Les Français de la Silicon Valley sont abasourdis par les déclarations, les mémorandums et les décrets du président américain Donald Trump sur l’immigration. Ils sont quelque soixante mille à avoir élu domicile dans le nord de la Californie. Ils ont monté des start-up, ou intégré les équipes dirigeantes des grands groupes de la Tech. Le décret anti-immigration est sur toutes les lèvres dans la communauté. Il est source d’angoisses, en particulier chez les binationaux Assis dans l’atrium d’un espace de co-working aux briques apparentes barrées de tapisseries aux motifs végétaux très californiens, une trentaine de « start-uppers » écoutent avec attention la présentation de Rebecca, membre de l’association de défense des droits de l’homme ACLU. Une soirée « Know your rights » (« Connaissez vos droits »), organisée à l’initiative de Pierre Letoublon, le jeune Français qui dirige la pépinière de patrons indépendants Parisoma, logée à Mission, un quartier branché de San Francisco.

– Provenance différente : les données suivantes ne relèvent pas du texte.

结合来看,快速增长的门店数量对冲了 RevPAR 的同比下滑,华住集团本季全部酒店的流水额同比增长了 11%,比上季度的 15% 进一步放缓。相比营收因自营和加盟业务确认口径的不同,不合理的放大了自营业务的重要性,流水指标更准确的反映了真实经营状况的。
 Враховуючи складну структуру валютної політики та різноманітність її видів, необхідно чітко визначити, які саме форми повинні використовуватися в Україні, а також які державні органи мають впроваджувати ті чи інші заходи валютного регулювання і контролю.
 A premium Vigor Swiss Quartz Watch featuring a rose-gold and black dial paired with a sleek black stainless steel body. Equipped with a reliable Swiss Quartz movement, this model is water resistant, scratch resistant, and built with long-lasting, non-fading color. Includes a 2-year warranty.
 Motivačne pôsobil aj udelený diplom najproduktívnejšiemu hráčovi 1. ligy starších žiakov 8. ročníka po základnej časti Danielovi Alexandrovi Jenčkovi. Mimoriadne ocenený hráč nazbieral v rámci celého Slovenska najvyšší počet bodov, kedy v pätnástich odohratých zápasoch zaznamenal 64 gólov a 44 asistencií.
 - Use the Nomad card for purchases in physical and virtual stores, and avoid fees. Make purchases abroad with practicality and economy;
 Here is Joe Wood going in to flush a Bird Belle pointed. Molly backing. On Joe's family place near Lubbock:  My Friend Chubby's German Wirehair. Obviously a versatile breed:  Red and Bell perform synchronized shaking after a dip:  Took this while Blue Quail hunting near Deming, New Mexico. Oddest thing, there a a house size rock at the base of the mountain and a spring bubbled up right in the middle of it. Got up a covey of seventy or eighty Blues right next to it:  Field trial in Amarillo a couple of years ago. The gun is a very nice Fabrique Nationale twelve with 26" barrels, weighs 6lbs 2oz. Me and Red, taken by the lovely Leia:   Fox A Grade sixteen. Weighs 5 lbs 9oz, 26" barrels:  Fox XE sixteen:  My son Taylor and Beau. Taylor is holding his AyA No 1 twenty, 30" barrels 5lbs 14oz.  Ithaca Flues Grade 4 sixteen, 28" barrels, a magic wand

« Beaucoup sont venus vers nous pour nous demander si l’on avait des contacts avec des associations ou des avocats. Les gens deviennent plus attentifs par rapport à ces questions d’immigration qui, jusqu’à maintenant, concernaient les immigrés clandestins, et pas du tout l’immigration choisie », constate l’entrepreneur rouquin. Comme de nombreux Français dans la région, Pierre Letoublon est titulaire d’un visa H1B, un visa réservé aux professionnels qualifiés, que l’administration Trump souhaite remodeler.
« C’est une approche totalement orthogonale avec l’esprit de la Silicon Valley », proteste Christophe Allexandre, installé dans une maison confortable de Sun Valley, un quartier opportunément protégé du brouillard par les collines jumelles dites « Twin Peaks ».
L’échec valorisé
Cet ingénieur quadragénaire et père de trois enfants a officié à des postes de responsabilités pour Texas Instrument et d’autres géants de la Tech américains au cours des vingt dernières années. Aujourd’hui, il codirige la société de microprocesseurs ISD, dont le chiffre d’affaires compte neuf zéros.

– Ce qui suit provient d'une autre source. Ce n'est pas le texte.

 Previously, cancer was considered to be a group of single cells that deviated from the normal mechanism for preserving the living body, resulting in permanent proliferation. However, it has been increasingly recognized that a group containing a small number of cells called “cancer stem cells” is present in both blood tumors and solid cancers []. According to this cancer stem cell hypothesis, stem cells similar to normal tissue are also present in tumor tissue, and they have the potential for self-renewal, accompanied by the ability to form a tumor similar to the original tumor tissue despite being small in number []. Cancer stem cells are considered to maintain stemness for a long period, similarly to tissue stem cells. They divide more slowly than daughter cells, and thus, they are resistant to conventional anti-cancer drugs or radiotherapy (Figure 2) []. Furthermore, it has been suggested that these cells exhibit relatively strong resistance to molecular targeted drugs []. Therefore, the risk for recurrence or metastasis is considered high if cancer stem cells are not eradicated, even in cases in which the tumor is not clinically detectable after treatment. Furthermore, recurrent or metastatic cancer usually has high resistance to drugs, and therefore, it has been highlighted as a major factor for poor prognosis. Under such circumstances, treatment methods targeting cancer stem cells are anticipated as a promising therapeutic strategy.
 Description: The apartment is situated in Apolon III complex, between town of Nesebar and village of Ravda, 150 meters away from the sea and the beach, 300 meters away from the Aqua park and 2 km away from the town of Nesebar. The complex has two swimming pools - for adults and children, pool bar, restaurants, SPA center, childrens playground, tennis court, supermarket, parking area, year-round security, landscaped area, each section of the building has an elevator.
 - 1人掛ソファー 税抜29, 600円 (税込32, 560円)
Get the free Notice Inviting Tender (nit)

« A la Silicon Valley, on valorise l’échec, car c’est une façon d’apprendre. En France, quand on échoue, on a échoué. Ici, on a juste tenté, et on peut tenter de faire mieux, donc ici on ne juge pas. D’ailleurs que ce soit sur le côté physique, la religion, l’ethnie, les réussites passées, les échecs, personne ne juge ici, et ce n’est pas un cliché, insiste le diplômé de l’école d’ingénieurs ISEN de Lille. Quand on est arrivé aux Etats-Unis, le pays était ouvert, et d’un seul coup on se retrouve dans un endroit qui choisit les gens en fonction de leur religion, de leur couleur de peau, ça ne colle pas du tout avec la façon dont l’économie tourne ici ! »
Frédéric Filloux abonde dans le même sens. Ce journaliste français, ancien correspondant à New York du journal Libération et qui est passé par Les Echos, décrypte désormais l’actualité des médias numériques pour le site Monday note.
« Ce n’est pas une légende. Il suffit d’avoir trois réunions chez Facebook pour voir que dans la salle, vous avez une très grande partie de gens qui viennent du monde entier. Dans mon carnet d’adresse, dans mon iPhone, la moitié des gens dans mes relations ont un accent étranger, une origine étrangère, et souvent un passeport étranger. Les gens de la côte est, à Washington notamment, aiment voir là-dedans une vue de l’esprit californienne… Non ! C’est la réalité des faits ! »
Frédéric Filloux bénéficie de la bourse du Knight Fellowhip de l’université de Stanford, au cœur de la Sillicon Valley, à mi-chemin entre Mountain View et Palo Alto. La prestigieuse institution, comme la plupart des gros patrons, a tout fait pour protéger les étrangers.
« On a eu pas mal de briefings par les gens de Stanford, partant du principe que les agents fédéraux aux frontières ont tendance à faire du zèle, ce qui est un vrai problème. Donc on nous a expliqué les documents qu’il fallait qu’on ait sur nous, le fait que nos téléphones portables pouvaient être saisis, que l’on devait avoir sur papier les numéros de téléphone importants, d’avocats, du centre administratif international ici, de nos directeurs de programmes, donc il y a eu vraiment une grosse panique ! Des conférences ont été annulées parce qu’il y avait un risque que les intervenants soient refoulés à la frontière ! »
« Ça fait assez mal »
Reza Malekzadeh est particulièrement inquiet. Il est arrivé aux Etats-Unis en 2003, où il a fondé moult start-up, mais il est né en Iran, l’un des sept pays visés par le décret Trump. Son groupe d’investissements, Partech Ventures, a des bureaux à Paris, et Malekzadeh siège aux conseils d’administration de deux sociétés françaises.
Même s’il est détenteur de la carte verte de résident permanent, il a préféré annuler tous ses voyages professionnels. Au retour de quelques jours de vacances passées au ski en famille, il paraît soucieux, agacé, et surtout blessé : « Ça fait assez mal parce que vous êtes revenus à une situation où finalement votre lieu de naissance […] que vous n’avez pas forcément choisi, vous impacte, et vous ne comprenez pas pourquoi en fait. Moi qui suis arrivé il y a très très longtemps, et qui pense avoir fait une bonne intégration dans la société américaine, et avoir contribué à la société et à l’économie, ça m’a pris de court quand même. »
Réza Malekzadeh envisage d’accomplir sous peu les démarches pour obtenir la citoyenneté américaine. Les Français de la Silicon Valley, en colère et parfois fébriles, souhaitent prolonger leur rêve californien.